The table below highlights key headlines from each quarter and corresponds to the major inflection points in the S&P 500 performance shown above.
Each lettered headline aligns with periods of increased volatility or recovery along the market’s path through 2025.
The headlines in 2025 were, frankly, a lot. Looking back at a year’s worth of headlines, it can be hard to remember that all of this happened in the span of just twelve months. The chart above shows just a few of these headlines and the S&P 500’s growth this year.
Markets kicked off January 2025 with plenty of optimism, but that confidence was tested quickly. Volatility returned in the first quarter as investors wrestled with a familiar mix of concerns: whether the biggest tech leaders were finally losing momentum, and whether rising geopolitical tension would spill into the real economy. The real stress test arrived in early April, when the administration announced sweeping new tariffs. The selloff was sharp: the Nasdaq slid into a confirmed bear market, and the S&P 500 briefly flirted with bear-market territory as investors priced in slower growth and renewed inflation risk.
Then came the oft-repeated reminder that panic is not an investment strategy and by mid-April, it became apparent that these policies were opening negotiations rather than final edicts. The White House signaled flexibility, and risk assets rebounded hard. By late June, U.S. equities had clawed back to fresh highs, capping one of the more dramatic “down-then-up” stretches investors have seen in years.
The back half of the year added its own twists. The third quarter of 2025 marked a pivotal turnaround for the stock market, transforming early-year trade anxieties into a full-blown rally. July was the decisive month, kicking off with the passage of the administration’s “Megabill” and culminating in back-to-back diplomatic breakthroughs: a strategic trade agreement with Japan and a last-minute tariff deal with the EU that averted a feared trans-Atlantic trade war.
In the fourth quarter of 2025, the market’s resilience was tested by another political standoff. The quarter began under the cloud of a government shutdown that commenced on October 1, eventually dragging on to become the longest in U.S. history and causing a sharp spike in volatility. However, the anxiety broke in mid-November when President Trump signed a spending bill to reopen the government, sparking a relief rally that carried into December. The positive momentum was cemented on December 10, when the Federal Reserve cut rates again and signaled a pause in easing, setting the stage for a strong year-end close.
Throughout much of 2025 and especially in the fourth quarter, the debate regarding Artificial Intelligence continued: Is it a bubble, or is it the future? As seen in the chart above, the data emerging suggests that this rally is built on tangible investment, not just speculative fervor. We are witnessing a capital spending cycle that exceeds the most transformative periods in American history. The chart highlights that technology capital spending in 2025 has reached unprecedented levels relative to GDP. This suggests that it’s not merely digital speculation; It is “hard” infrastructure like data centers, power generation, and hardware.

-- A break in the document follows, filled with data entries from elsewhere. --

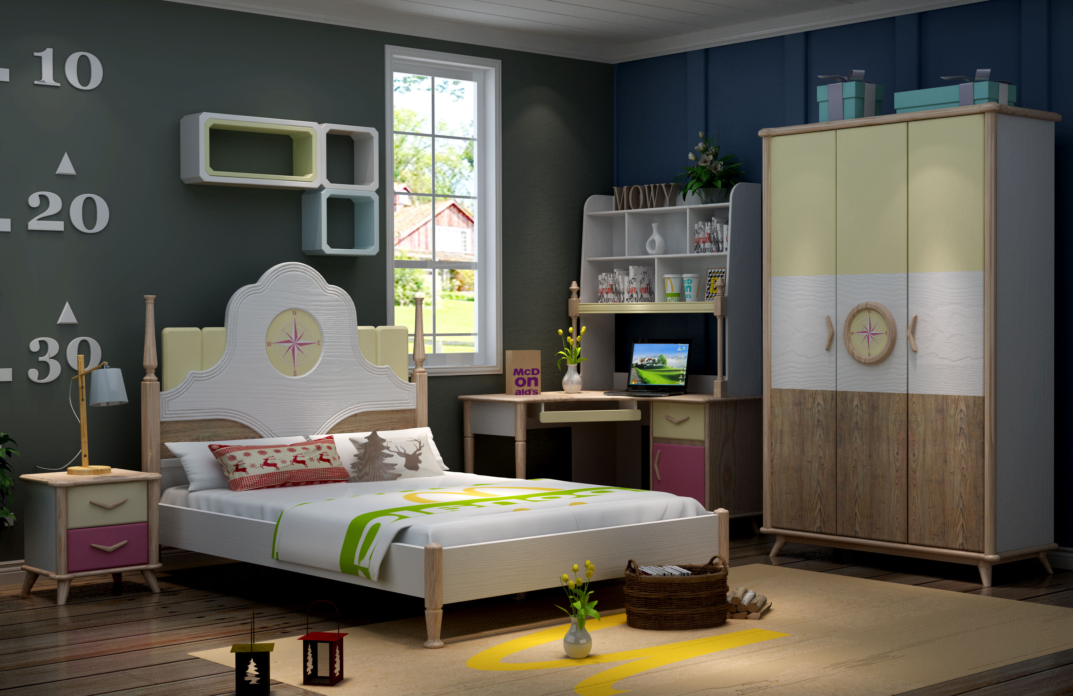 BỘ 3 SẢN PHẨM GIƯỜNG, TỦ, VÀ BÀN LÀM VIỆC B266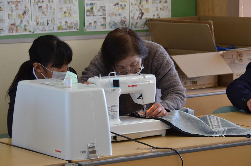 子供たちはGTに、しつけ糸の縫い方を正しく直していただいたり、ミシンで縫い間違った糸をとって正しく縫い直す手伝いをしていただいたりしていました。子供たちの実習が上手くいくように微に入り細に入り学習の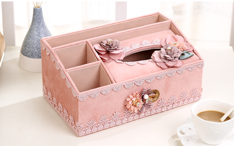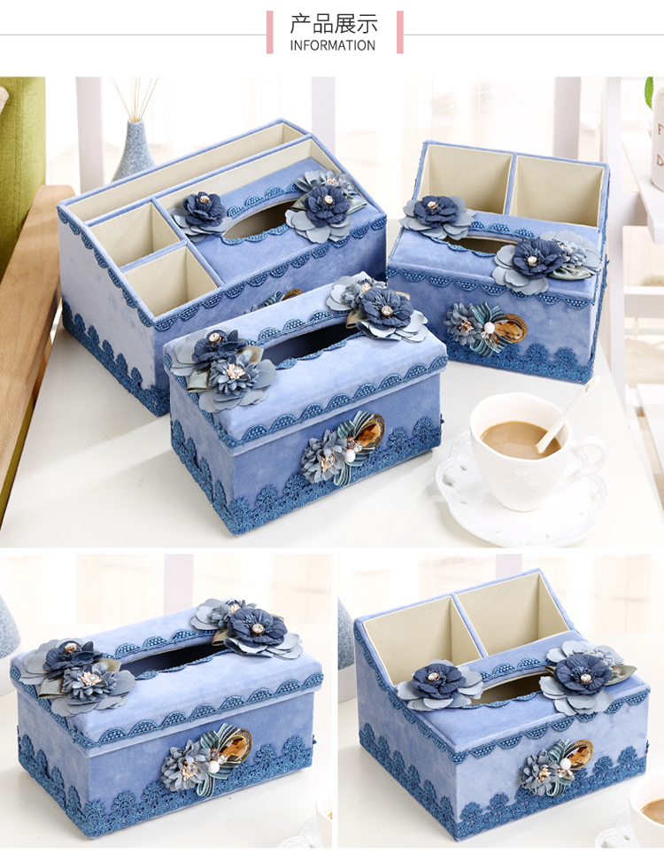 布藝多功能紙巾盒抽紙盒客廳茶幾歐式多用遙控器收納盒可愛紙抽盒1入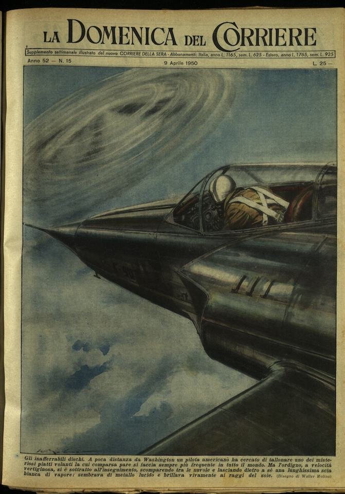 In-4, brossura, in buono stato di conservazione. In questo numero:"Salvato al volo. In una casa popolare di via San Mamolo a Bologna, un bimbo di quattordici mesi, infilatosi tra le sbarre della ringhiera, e precipitato dal secondo piano giù per la tromba delle scale. Si sarebbe sfracellato se un ragazzetto, Alessandro Melega, che stava salendo, non avesse avuto la presenza di spirito e il coraggio di tendere le braccia e di afferrare fulmineamente il bimbo; il quale non si è fatto neanche una scalfittura.""Gli inafferrabili dischi. A poca distanza da Washington un pilota americano ha cercato di tallonare uno dei misteriosi piatti volanti la cui comparsa pare si faccia sempre più frequente in tutto il mondo. Ma l'ordigno, a velocità vertiginosa, si è sottratto all'inseguimento, scomparendo tra le nuvole e lasciando dietro a sé una lunghissima scia bianca di vapore, sembrava di metallo lucido e brillava vivamente ai raggi del sole.".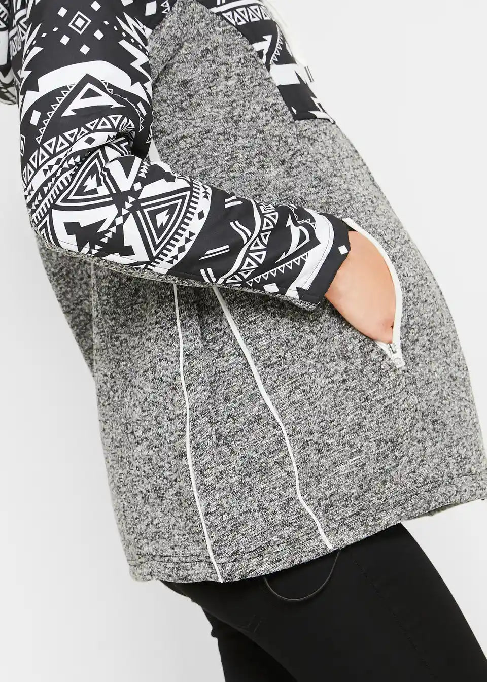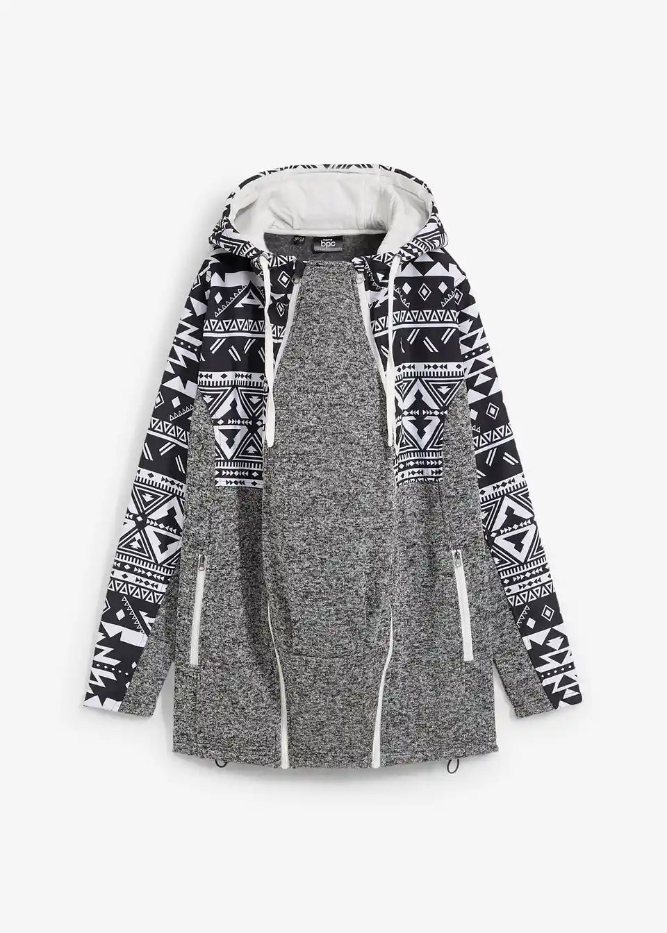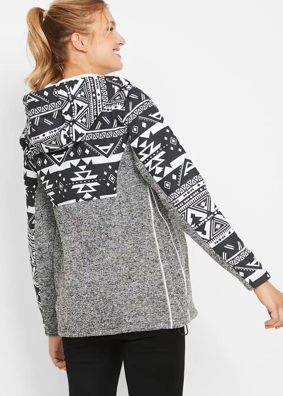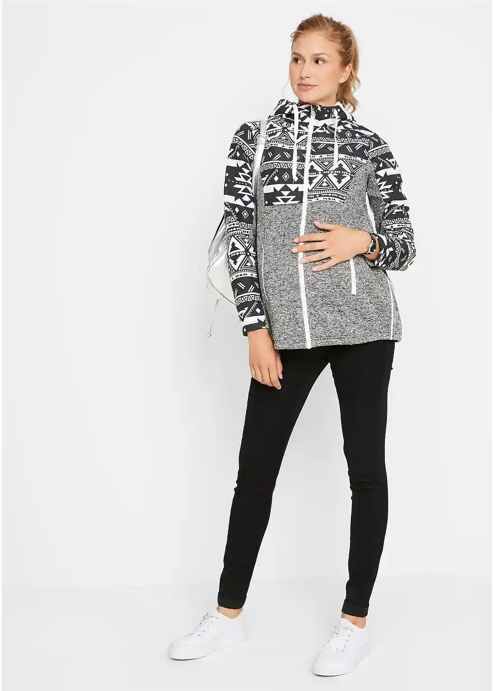 Flis jakna za nosečnost z grafičnim tiskom in vložkom za dojenčka. Vložek za dojenčke služi le za zaščito otroka pred vetrom in vremenom, ne kot funkcija nošenja!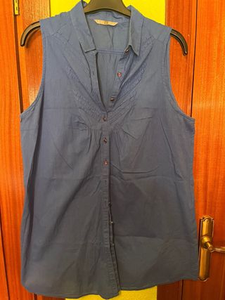 Blusa de vestir sin mangas en color azul marino. - Cuello camisero. - Cierre de botones en la parte delantera. - Detalle de pliegues en la zona del pecho.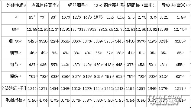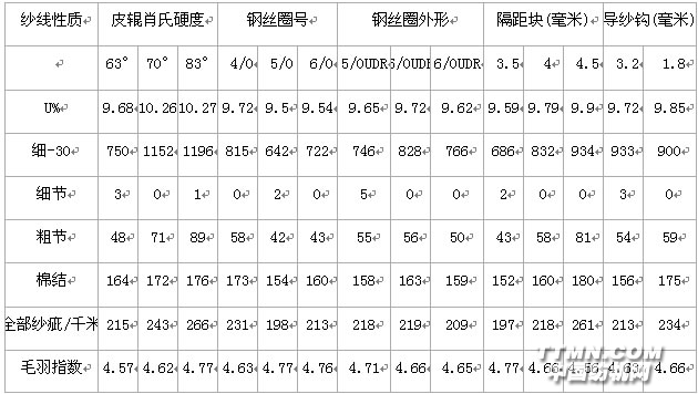 表2、3及4表示钢丝圈重量轻时会使纱线毛羽减少。钢丝圈减轻会使钢丝圈的重心降低,使钢丝圈运转稳定,但。钢丝圈过轻,气圈太大会影响钢丝圈在钢领上正常飞行气圈会与隔纱板碰撞产生毛羽。

Only time will tell what this means for individual companies – including who will be the winners and who will be the losers – and the investing markets more generally, but this scale of investment suggests that the largest companies in the world are putting their record cash piles to work to build a new industrial backbone. Of course, none of this happens in a vacuum, and this structural growth is unfolding against a complex backdrop. As always, to get a more complete picture, investors will need to continue to look past a frequently volatile news cycle dominated by debates over the Federal Reserve’s independence, the ebb and flow of tariff policies, and geopolitical flashpoints.
Finally, we cannot let the quarter pass without acknowledging a monumental shift in the investment landscape: the retirement of Warren Buffett.
For decades, the “Oracle of Omaha” has been our steady hand in volatile times. His departure from the helm of Berkshire Hathaway marks the end of an era, but his philosophy felt particularly present in 2025. One of Buffett’s great lessons was patience (1). His investment philosophy has shown us that the stock market can be a device for transferring money from the impatient to the patient. He reminded us again and again that time in the market beats timing the market; a lesson proven once again this year as those who stayed invested through the Q2 volatility and the October shutdown captured the year’s impressive returns. “Doing nothing” can often be the hardest choice but it is often a great course of action. Last year provided another example where investors who stayed in their seats were rewarded for their patience.